Erguí la cabeza, moví el cuerpo, pero nada más. Mis manos que aún conservaban alguna sensibilidad, tocaron unos objetos largos, inertes y fríos, y al notar que eran mis piernas, no pude evitar una sonrisa fúnebre. Mi voluntad poderosa quería reanimar aquel vidrio que había sido mi carne y mi sangre; pero no pudo. El corazón latía con furia y en mis oídos un zumbar monótono me enloquecía con lúgubre música. De momento en momento me achicaba. La conciencia corporal iba estrechando los límites de mi persona: y sentí que el mundo exterior, el cosmos, digámoslo así, aunque parezca pedantería, empezaba en mi cintura y en mis hombros.
– Tremendo es – pensé – que esté uno metido dentro de una cosa que se hiela como el agua… ¡Dios inhumano, un rayo que me derrita!
Yo tenía un alma y me reconocía piedra.
Mi cuerpo tendía cada instante con más fuerza a la inmovilidad absoluta. Como el moribundo desea la vida, deseé que alguien viniese y a martillazos me machacara.
Con ansiedad inmensa mi vista exploró el camino, y allá lejos, muy lejos, observé gente que venía. Sonaba rumor de caballos, que acrecía acercándose.
– Serán franceses – me dije. – ¡Malditos sean! Me salvarán, y otra vez estoy en poder de esa canalla.
Efectivamente, eran franceses, si bien cuando estuvieron próximos, a pesar de que iba yo perdiendo el claro uso de mis sentidos, creí distinguir voces españolas empeñadas con las francesas en viva disputa.

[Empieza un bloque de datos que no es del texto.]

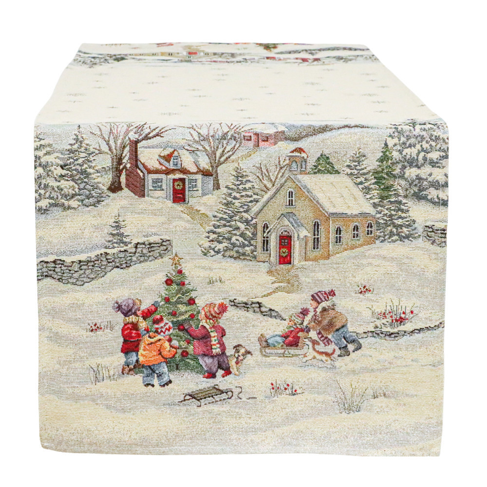 Az asztali futó közepén egyszerű, hópelyhekkel díszített, míg a két végén lévő vidám karácsonyi jelenetek téli vidéki tájat ábrázolnak. Itt kis házak, templomok és örömteli ünneplők, például fenyőfát cipelő és szánkózó gyermekek jelennek meg. A hóborította táj és az ünnepi motívumok harmóniája igazán meleg, meghitt hangulatot teremt az ünnepi összejövetelekhez.

Venían también algunos renegados. Después de tantos esfuerzos, de tantas luchas, cuando se había agotado la energía de mi cuerpo y de mi espíritu, volvía a encontrarme prisionero. Casi anhelé que pasaran de largo sin hacerme caso. Pero oí a mi lado la voz de mosén Antón, que decía:
– Aquí hay un hombre helado. Es Araceli. Es preciso llevarle al mesón.